CTBC: Contact-Triggered Blind Climbing for Wheeled Bipedal Robots with Instruction Learning and Reinforcement Learning
Rankun Li, Hao Wang, Qi Li, Zhuo Han, Yifei Chu, Linqi Ye, Wende Xie, Wenlong Liao
TL;DR
This work tackles the challenge of robust obstacle traversal for wheeled-bipedal robots with varying wheel sizes and tire types by introducing CTBC, a contact-triggered blind climbing framework that blends feedforward instruction learning with reinforcement learning. The method uses an asymmetric actor–critic policy and a contact-based trigger to switch between rolling and leg lifting, enabling stairs and gaps to be crossed using proprioception alone. Extensive sim-to-real validation on LimX Tron1 and Cowarobot R0, including ablations and real-world tests up to 20 cm steps, demonstrates strong cross-platform generalization and zero-shot transfer. The results indicate that combining guided lifting primitives with contact-triggered control yields robust, scalable climbing capabilities, with future work aimed at reducing gait bias and integrating perception for full autonomous navigation.
Abstract
In recent years, wheeled bipedal robots have garnered significant attention due to their exceptional mobility on flat terrain. However, while stair climbing has been achieved in prior studies, these existing methods often suffer from a severe lack of versatility, making them difficult to adapt to varying hardware specifications or diverse complex terrains. To overcome these limitations, we propose a generalized Contact-Triggered Blind Climbing (CTBC) framework. Upon detecting wheel-obstacle contact, the framework triggers a leg-lifting motion integrated with a strongly-guided feedforward trajectory.

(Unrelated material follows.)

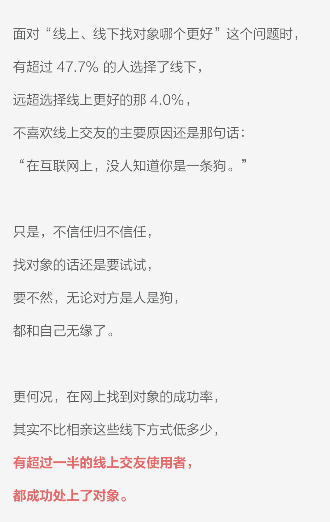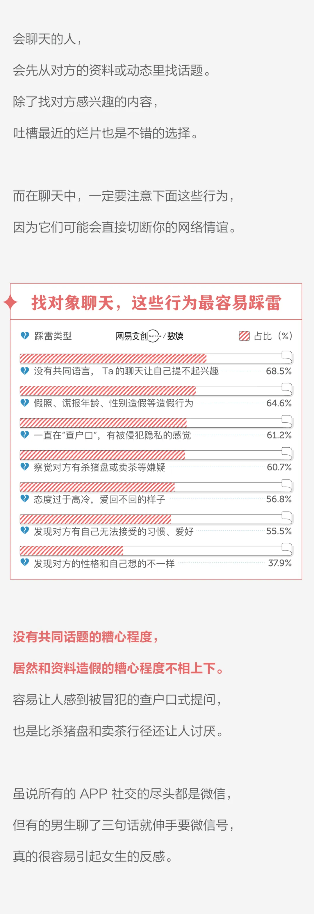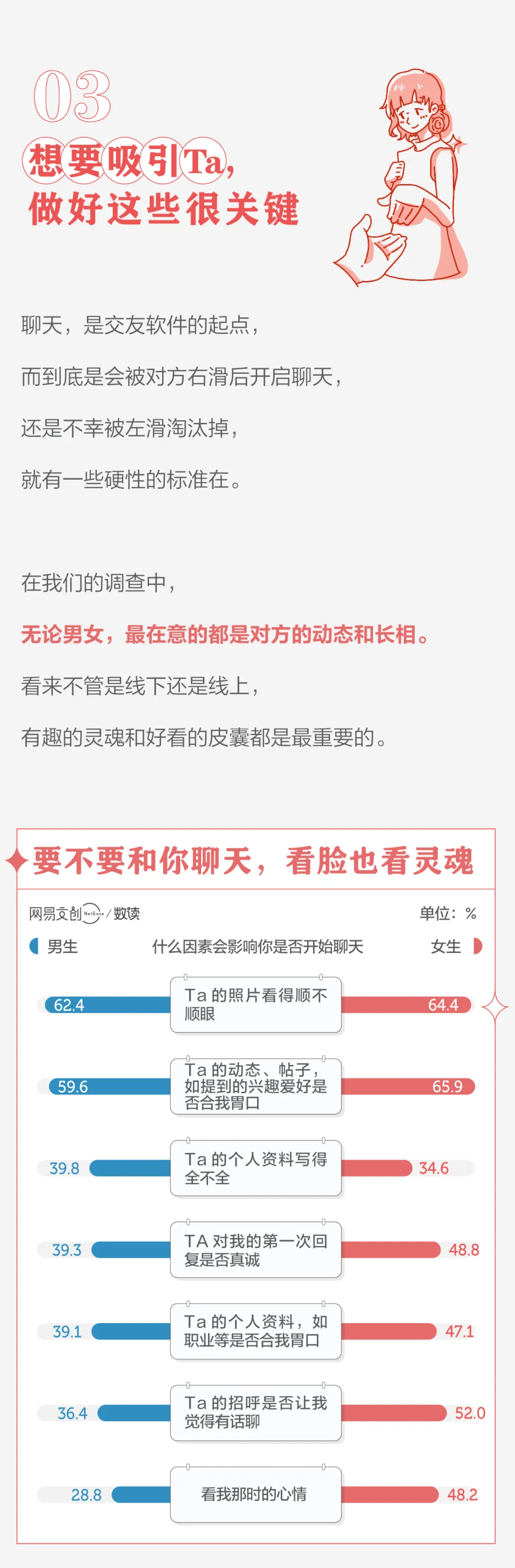 10、不管是线上还是线下找对象,八成的受访者认为最重要的是“让人舒服的聊天”。

This allows the robot to rapidly acquire agile climbing skills, significantly enhancing its capability to traverse unstructured environments. Distinct from previous approaches, CTBC demonstrates superior robustness and adaptability, having been validated across multiple wheeled bipedal platforms with different wheel radii and tire materials. Real-world experiments demonstrate that, relying solely on proprioceptive feedback, the proposed framework enables robots to achieve reliable and continuous climbing over obstacles well beyond their wheel radius.